Given information: Begin
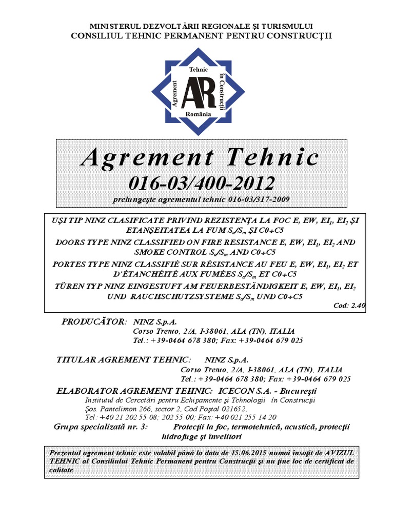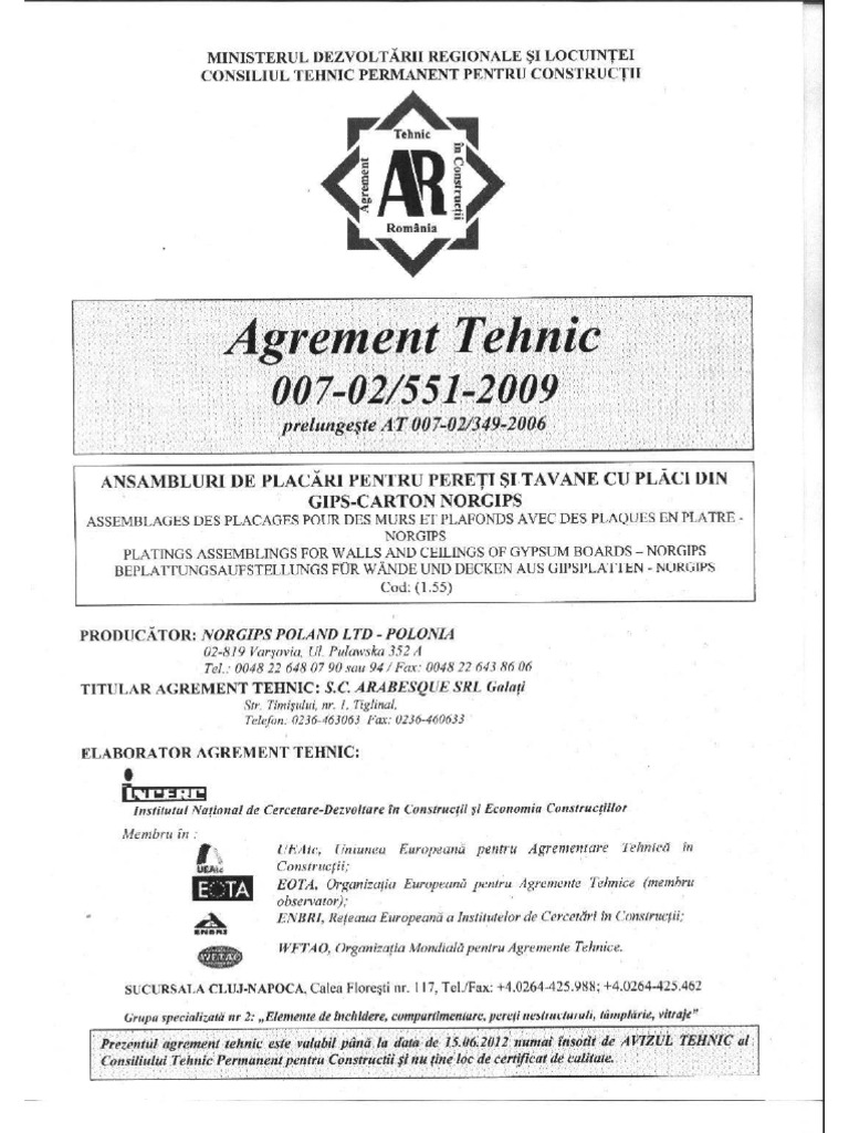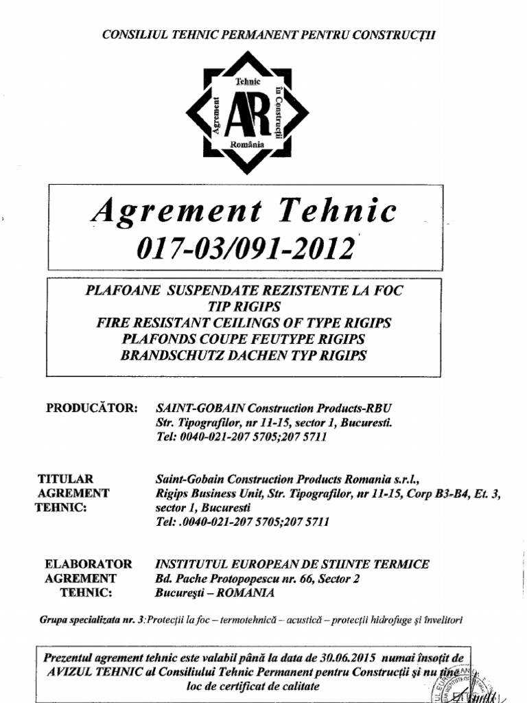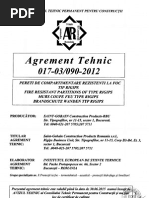 Agrement Tehnic Rigips Rezistent La Foc
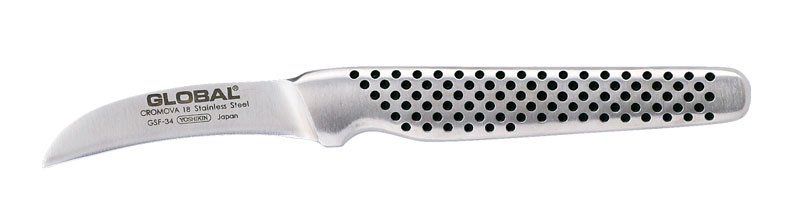 Het Global GSF-34 tourneermesje is voorzien van een gebogen lemmet van 5 cm en een extra lang heft voor optimale grip tijdens het schillen. Dit gebogen schilmesje of officemes is eigenlijk een klein koksmesje. Ideaal voor het schillen en snijden van kleinere ingrediënten, zoals fruit en groenten.
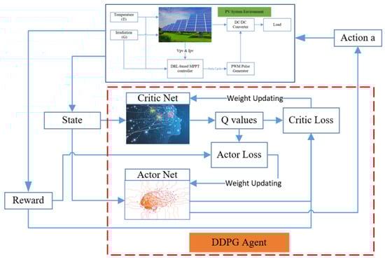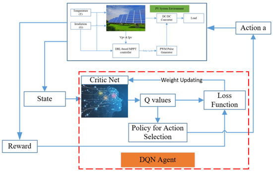 The recent development of machine learning leads to an integration of reinforcement learning and deep learning, named as deep reinforcement learning (DRL), which is considered as a powerful and potential tool to deal with the optimization control problem [34,35,36]. The successful performance of the DRL method in playing Atari and Go games is described in the study [37]. DRL is a powerful method for handling complex control problems with large state spaces. The advantage of DRL is that it can manage the problem with continuous state and action spaces. To date, DRL has been successfully applied to several fields, including games [37], robotics [35,38], natural language processing [39], computer vision [38], healthcare [40], smart grid [41], etc. Zhang [42] has defined a brief overview of DRL for the power system. A similar concept with deep reinforcement learning has been developed for MPPT control of the wind energy conversion system, in which a neural network is used as a function approximation to replace the Q-value table [43,44].
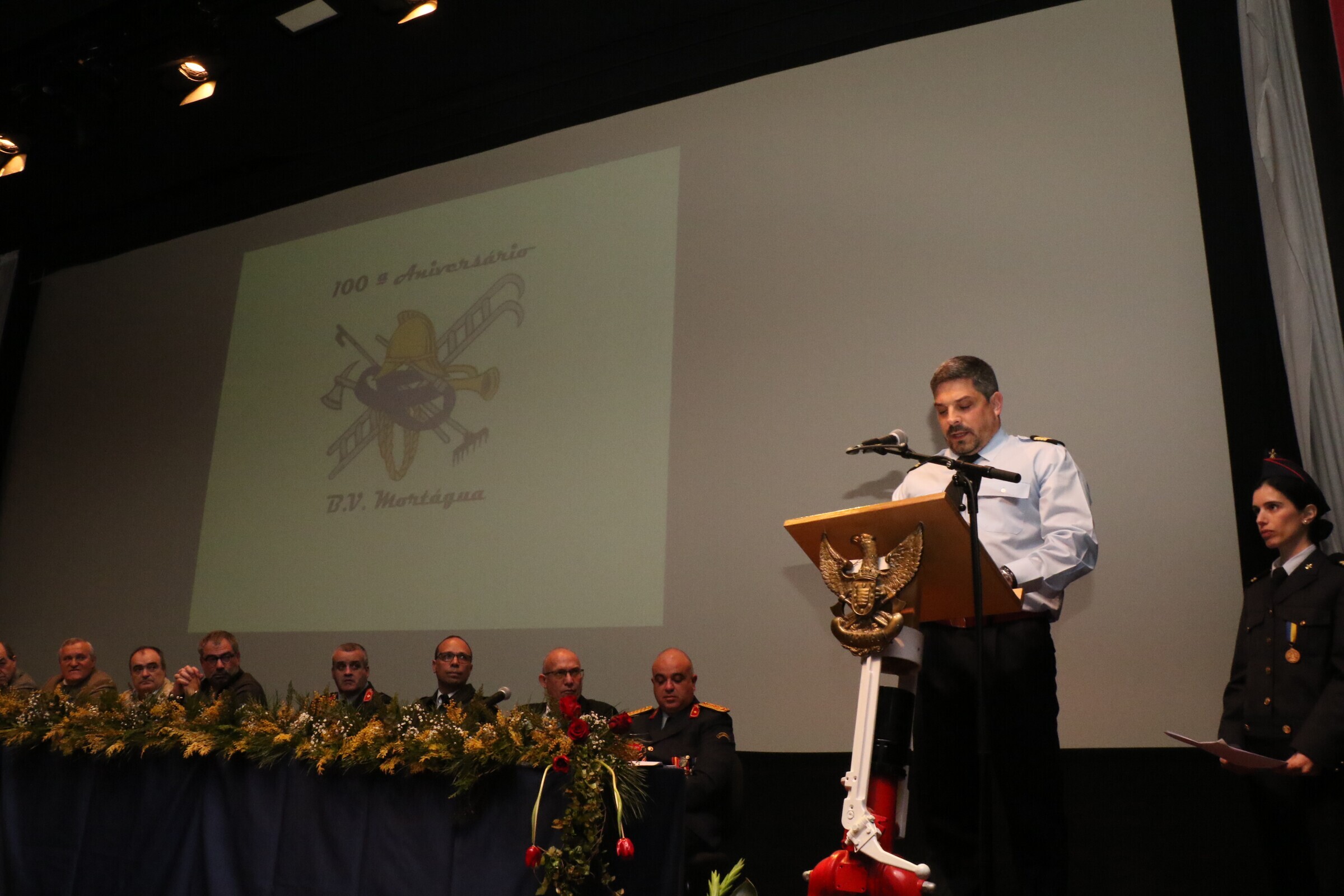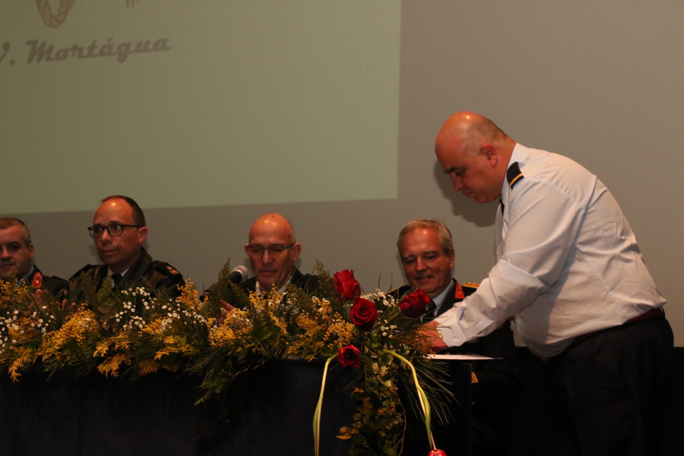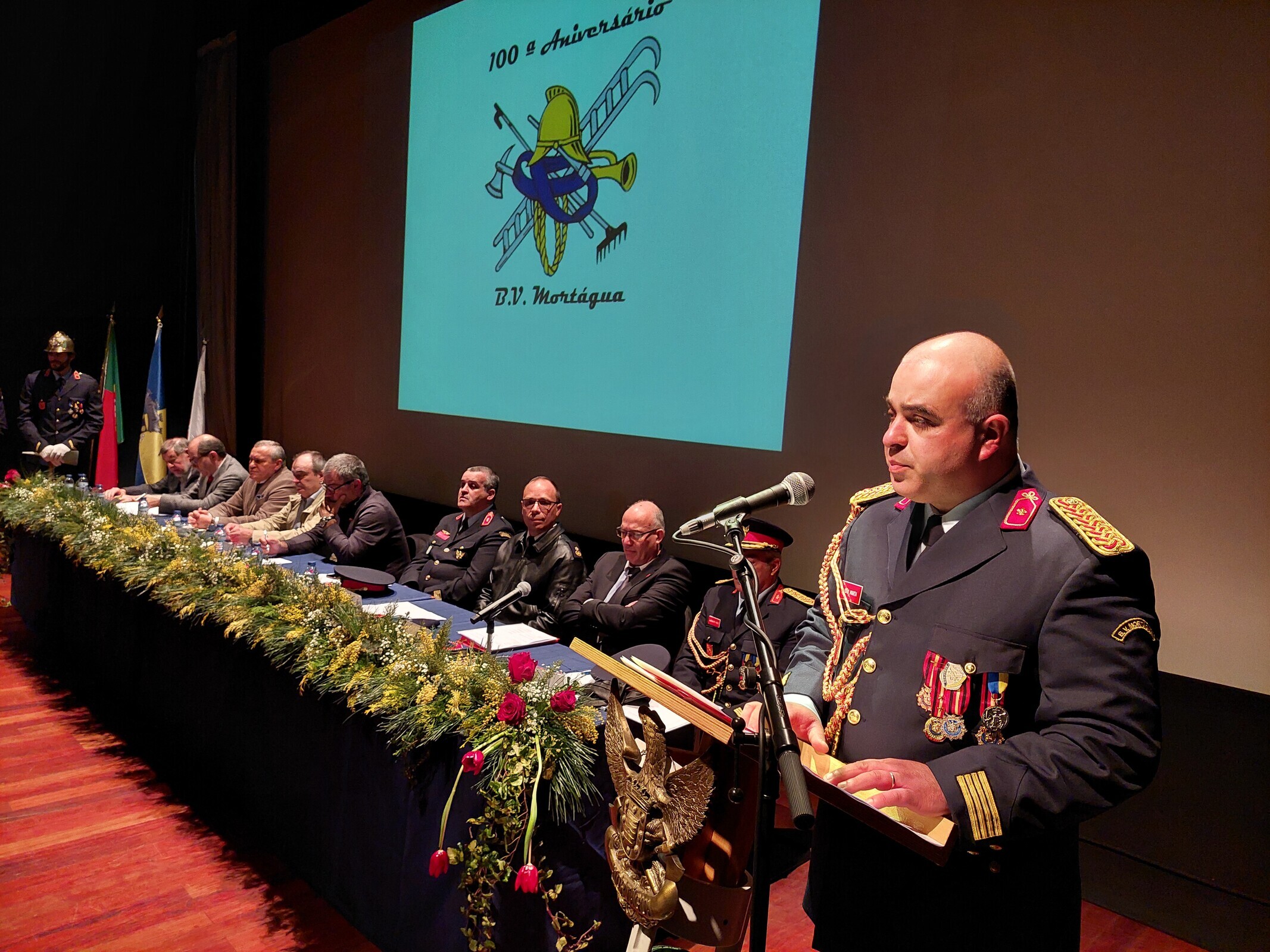 A Mesa de Honra que presidiu à tomada de posse foi constituída pelo Presidente da Assembleia Geral dos Bombeiros, Celso Portugal, Presidente da Câmara Municipal, Ricardo Pardal, Vice-Presidente do Conselho Executivo da Liga Portuguesa dos Bombeiros Portugueses, Comandante Emanuel Santos, Presidente da Assembleia Municipal, Acácio Fonseca, 2º Comandante do Comando Sub-Regional de Emergência e Proteção Civil da Região de Coimbra, Nuno Seixas, Presidente da Direção da Federação dos Bombeiros do Distrito de Viseu, José Albuquerque, Presidente da Direção dos Bombeiros, Nélson Filipe, Presidente do Conselho Fiscal, Eurico Tomás, Comandante em suplência dos B.V.M., Alexandre Porto.
Given information: End
Work item >> Give back, exactly as written, the lines from the top of the material above to the line containing "Het Global GSF-34", both included; skip every picture.

Your solution >>
 Agrement Tehnic Rigips Rezistent La Foc
 Het Global GSF-34 tourneermesje is voorzien van een gebogen lemmet van 5 cm en een extra lang heft voor optimale grip tijdens het schillen. Dit gebogen schilmesje of officemes is eigenlijk een klein koksmesje. Ideaal voor het schillen en snijden van kleinere ingrediënten, zoals fruit en groenten.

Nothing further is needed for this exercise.